Review date: Jan. 21, 2004


Soiled Life is the product of barely requited love, where the four members of Soiled Doves found themselves doing what they were meant to be – and doing it well – yet stifled by their own auxiliary successes. The eight songs represent a compendium of the group’s output, which was (both group and output) stifled by the members’ other commitments, namely vocalist Johnny Whitney’s card-carrying allegiance with mainstreamers-in-training, the Blood Brothers. Behind his falsetto, the band is helmed by bassist Adam Miller and the original line-up of his not-side-project, the imaginative Chromatics.

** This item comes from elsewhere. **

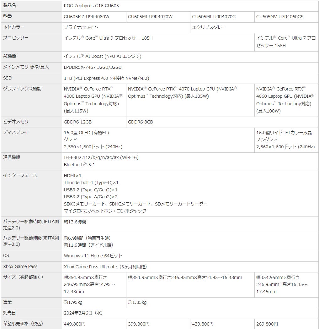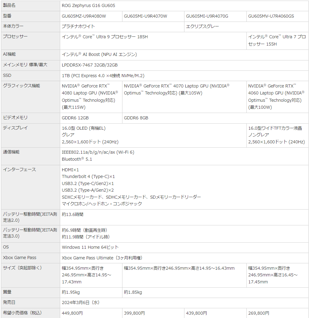 製品詳細:https://rog.asus.com/jp/laptops/rog-zephyrus/rog-zephyrus-g16-2024/

Drummer Hannah Blilie and guitarist Devin Welch, now members of Seattle’s Shoplifting, fill out both rosters (Soiled Doves and Chromatics). Moving ahead a year on the confusing family tree/timeline, after the dissolution of the original Chromatics lineup and the release of the group’s nice and screechy opus Chrome Ratz vs. Basement Rutz (on GSL), Miller dropped the vowels and some consonants from his bands name, touring as KRMTX. His actions showed commitment and defiance, and much of that is seen/heard on Soiled Life. The album was written and recorded in 2001, when, after a single west coast tour and less than a year together, the group called it quits.

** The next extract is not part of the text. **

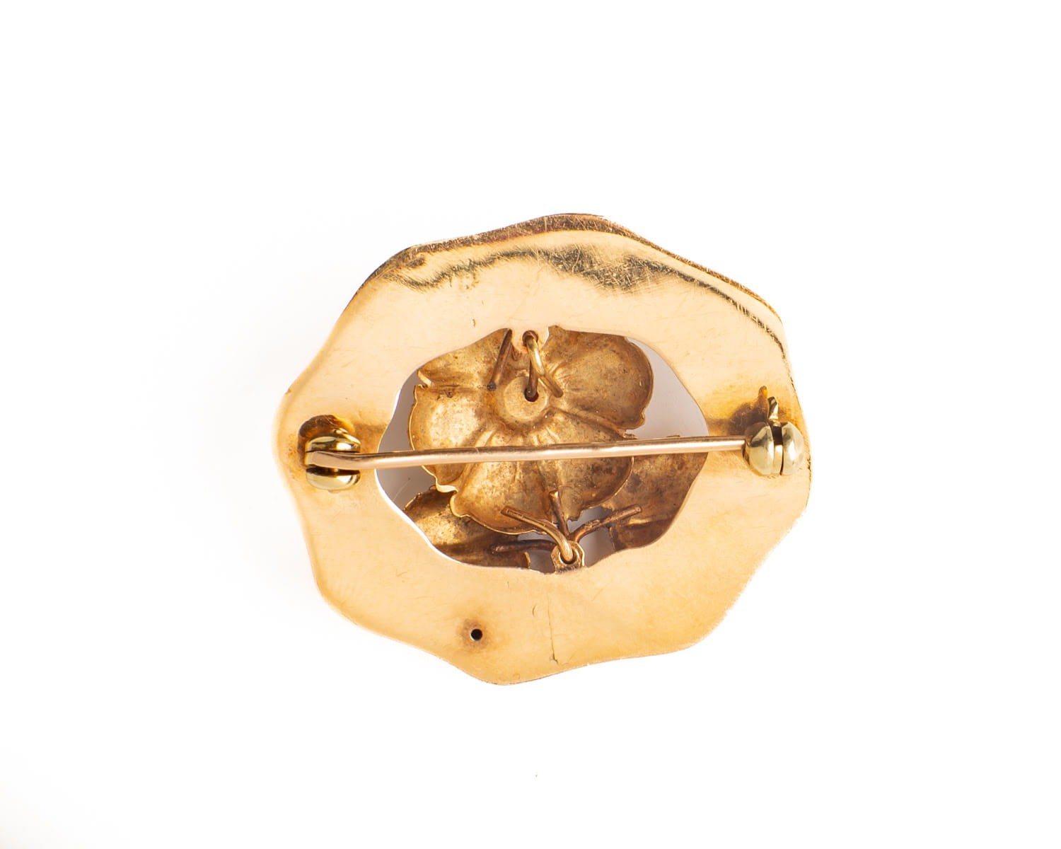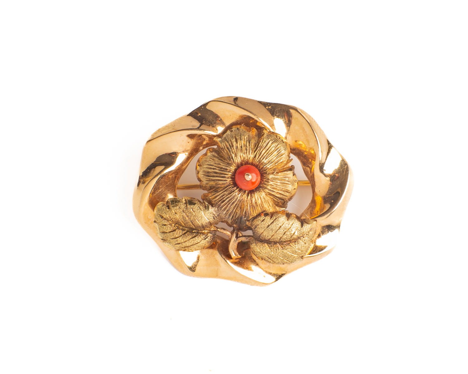 Złota broszka z koralem

That said, Soiled Doves benefit most from the Miller’s expectedly moody score, with guitar and drums following his tenacious lead. Welch piles riffs upon riffs on “Death Knell for Paper Children,” where the guitars’ metallic treble brightens Whitney’s dark lyrics: “Paper child, child of paper / crucified to a glass skyscraper.” The diversity of sounds push the record forward, particularly Miller’s more-sultry moments, when near-cabaret melodies slide out between atonal slashes. With Whitney sounding predictable behind obtuse lyrics and his love-it-or-hate-it death yelp, Soiled Doves is ultimately another merit badge on Miller’s thrift-store Girl Scout vest.

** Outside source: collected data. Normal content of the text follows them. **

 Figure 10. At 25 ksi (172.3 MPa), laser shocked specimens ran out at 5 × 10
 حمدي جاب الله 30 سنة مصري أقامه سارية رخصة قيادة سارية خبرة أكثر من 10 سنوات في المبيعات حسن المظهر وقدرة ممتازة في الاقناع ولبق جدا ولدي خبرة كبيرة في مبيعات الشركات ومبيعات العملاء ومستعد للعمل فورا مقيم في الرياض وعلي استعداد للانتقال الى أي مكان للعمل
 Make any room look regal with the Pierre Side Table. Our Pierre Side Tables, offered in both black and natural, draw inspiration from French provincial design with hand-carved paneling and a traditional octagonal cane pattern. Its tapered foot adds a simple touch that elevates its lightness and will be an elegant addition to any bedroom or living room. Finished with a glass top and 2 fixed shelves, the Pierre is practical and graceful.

Miller slides through a veritable R&B back catalogues-worth of bass lines, and stars on the album’s droned-out title track finale, three times longer than most cuts at over six minutes, but nonetheless stunning and anesthetic. The album opener, “Black Cactus Choir,” becomes a cowboy chase sequence through a disco-era western and Blilie’s impeccably recorded bass-drum-to-snare backbeat is to thank. And, truthfully, there is no reason to be too hard on Whitney, because ultimately he delivers with all the squawk-core vitality he can muster. Soiled Life is as close as Whitney gets to melodic, although the track “Hot Siberian Heart” finds a mock-hardcore (read: Blood Brothers) highlight in the simply screamed chorus of the word “Yeah.”

Soiled Doves are more than indulgence, despite the sort-of-circumstantial brevity of their career. Curiously mature and hi-fi, Soiled Life is framed with a clarity that spelunks a bit deeper into the cavern of talent mapped by the Chromatics’ Chrome Ratz vs. Basement Rutz.